The looped Transformer is organized into three blocks (begin, middle, and end), where each block consists of multiple Transformer layers, and only the middle block is applied recurrently across depth. The looped middle block is further augmented by Manifold-Constrained Hyper-Connections (mHC), which are applied only after each loop to create the Hyperloop Transformer.

The Hyperloop Transformer outperforms depth-matched Transformer and mHC Transformer baselines despite using ~50% fewer parameters, and its outperformance persists after post-training weight quantization.

Read more about this research using this link.

3. LLaDA2.0-Uni

This research paper introduces LLaDA2.0-Uni, a unified discrete diffusion LLM (dLLM) that combines language and vision within a single framework.

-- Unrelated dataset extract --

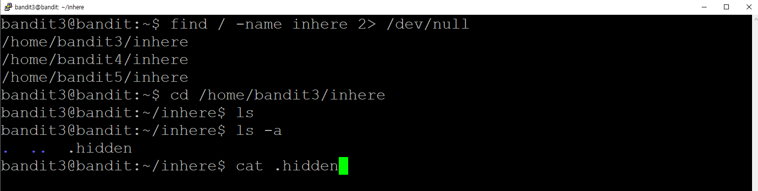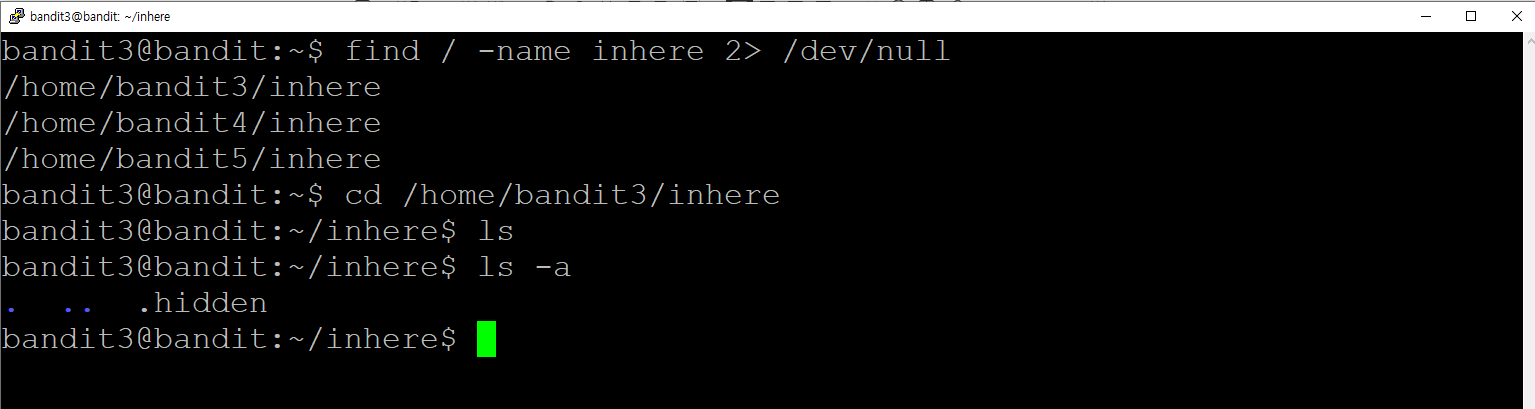 명령어를 사용하게 되면 3개의 결과를 찾을 수 있는데 현재 문제가 bandit3 이므로 bandit3에 있는 'inhere' 디렉토리로 이동해준다.

The model converts images into discrete semantic tokens, jointly processes text and visual inputs using a Mixture-of-experts (MoE) backbone, and then reconstructs high-quality images with a diffusion decoder. This architecture enables the model to understand, generate, and edit across different modalities within a single system.

LLaDA2.0-Uni matches specialized VLMs in multimodal understanding and has strong performance in image generation and editing.

Read more about this research using this link.

4. Sapiens2

This research paper introduces Sapiens2, a family of high-resolution vision transformer models designed for human-centric vision tasks, including pose estimation, segmentation, and surface reconstruction.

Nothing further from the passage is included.